Brief shots of summer-like warmth are currently being enjoyed in central and western regions, but a stark change of fortunes will be noted beginning Wednesday, June 16, as the north and west gradually starts joining the east in suffering truly cold June lows:


The setup is highly unpredictable, and changeable, but by Thursday, June 17 the majority of Europeans should expect wild departures from the seasonal average–of as much as 18C below the norm in some parts.

This pattern is set to persist through next weekend, too, with the UK, Portugal, Spain, France and Germany among the nations set to cop the worst of the anomalous summer chill:


The UK has just shivered through one of its coldest springs on record in books dating back to 1659.

And now, the month of June is forecast to deliver yet more Arctic air across all four home nations:


In addition, rare and heavy summer snow is forecast for parts of Scandinavia and Iceland.

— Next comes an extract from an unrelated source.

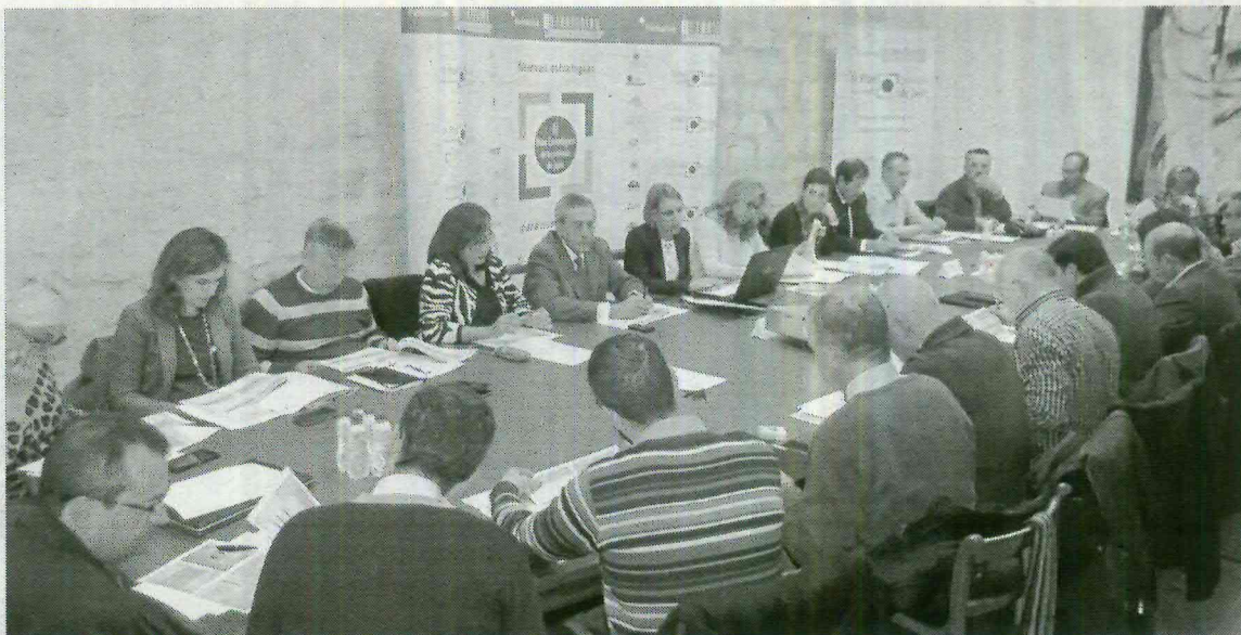
Reunión de trabajo de la Estrategia 'Jaén paraíso interior', del Plan Estratégico de la provincia. :: IDEAL

Por otro lado, los trabajadores sociales desarrollarán diversas iniciativas en centros de personas con discapacidad y el geógrafo trabajará con el Ministerio de Medio Ambiente saharauí en proyectos innovadores. Además la asociación firmará un proyecto de hermanamiento con los territorios liberados del Sáhara Occidental, una zona desértica controlada por el gobierno saharauí que emerge acción social y solidaria.

Norway and western Sweden could see 10-20+cm (4-8 inches) of global warming goodness next week, while Iceland could-well be measuring accumulations in the feet (that is, if they didn’t use the metric system).

Looking at the latest GFS ‘Total Snowfall’ run (shown below), things will start turning decidedly white in Iceland on Thursday, June 10. While in western Norway, sizable flakes will begin falling this weekend.

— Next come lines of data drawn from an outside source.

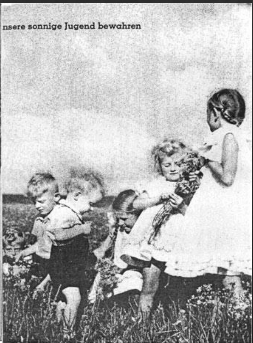
unsere sonnige Jugend bewahren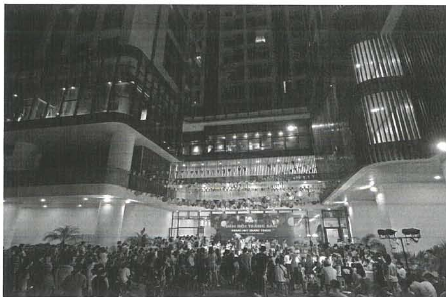
Hình ảnh Cư dân đã về sinh sống ổn định tại dự án Hoàng Huy – Sở Dầu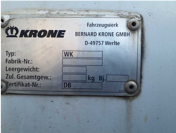
Abbildung 5: FIN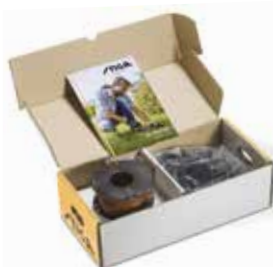
8 Installationssæt til 200- og M-serien

By the time of the summer solstice on Sunday, June 20 –the official start of summer in the northern hemisphere– truly unprecedented accumulations are predicted to have settled:


Back in 2014, the northern Norwegian city of Tromso experienced a freak summer snowfall — the first time in recorded history that the city had seen snowfall in June.

Local meteorologist, Trond Lien called the situation “very rare” at the time, noting that it must have been a long, long time since it last snowed in June in Tromso.

2021 is now looking set to contain Norway’s second substantial June snowfall in recorded history, which will follow on from what has been a year of “extremely high snow cover,” reported mkweather.com back in late March, who feared that Scandinavia had seen so much snow that it it wouldn’t melt in the summer.


And while it is still uncertain whether the city of Tromso specifically will be hit, it is almost assured that record-setting accumulations will impact southern, central, and western regions, even those at lower elevations.

All this serves as yet more real-word observations the likes of the IPCC and their MSM lapdogs will ignore.

But they are frauds.

The COLD TIMES are returning, the mid-latitudes are REFREEZING, in line with the great conjunction, historically low solar activitycloud-nucleating Cosmic Rays, and a meridional jet stream flow (among other forcings).

Both NOAA and NASA appear to agree, if you read between the lines, with NOAA saying we’re entering a ‘full-blown’ Grand Solar Minimum in the late-2020s, and NASA seeing this upcoming solar cycle (25) as “the weakest of the past 200 years”, with the agency correlating previous solar shutdowns to prolonged periods of global cooling here.

Furthermore, we can’t ignore the slew of new scientific papers stating the immense impact The Beaufort Gyre could have on the Gulf Stream, and therefore the climate overall.